Так что работы у Габриэля Тироша было невпроворот. И главным его делом было задержать агрессию, направленную против доктора Шлосера, господина Дгани, Карфагена и других учителей. Сам он ничуть не пострадал от нашего «сабрского» пыла. Наоборот, к его образу воспитателя присоединился ореол командира «Хаганы». И хотя рота не успела почувствовать его командирскую руку, никто из учеников не забыл тот неожиданный таинственный вечер, когда, стоя перед ним по стойке «смирно», они были приняты в его роту.

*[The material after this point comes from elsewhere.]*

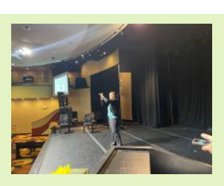
Jodi Kinsinger competed in the Sign-A-Song Contest.

Помню, как он разбирался с каждой жалобой учителей ему, как классному руководителю, как выгонял виновных из класса и впускал только после того, как они приносили извинения тому или иному учителю. Я удивлялся, откуда он берет силы педантично разбираться с каждым случаем, ведя тщательные записи в своем блокнотике и отмечая меры наказания, в то время как я знал, что главные свои силы он отдает другому делу. Меня изумляло, с каким упрямством он старается добиться от нас отношения к его коллегам точно такого же, как к нему, вероятно, не зная, что произношение ими ивритских слов с ашкеназско-идишским акцентом было достаточно, чтобы вызывать наши усмешки и отдалять их от нас. В период «бури и натиска» они проявляли близорукую умеренность, не видя, что на их глазах происходит революционное изменение манеры поведения. Они относились к нам, как к молодежи, воспитывающейся в каком-то европейском интернате, далеком от пустыни, хамсина и крови. Все, что они нам говорили в этот период стрельбы и поножовщины, исчерпывалось выражениями типа «Мудрецов изречения несут покой и излечение» или «Когда я ем, я глух и нем», с которых, казалось, сочилось чистое оливковое масло. Сегодня я размышляю о них с пониманием и милосердием. Они пытались сохранить старомодную культуру и уважение в окружающей нас пустыне. Но не сумели они понять, что молодежь, сидящая перед ними стоит перед экзаменами, стократ более тяжкими, чем экзамены по литературе и грамматике, и не чувствовали, что это вовсе не молодежь, готовящаяся поступить в университеты Швейцарии и Германии. И понял это лишь один Габриэль Тирош,
2
Мы не спрашивали, где он достал пистолеты и патроны, которые в один из вечеров раздал нам. Мы поняли, что он где-то их купил для нас, ведь до этого собрал с нас деньги. И еще мы поняли, что покупка оружия связана с теми его таинственными поездками в канун субботы за город, в место, которое стало нам известным спустя много времени. Мы уже были научены не допытываться у него ни о чем, и уважать его молчание.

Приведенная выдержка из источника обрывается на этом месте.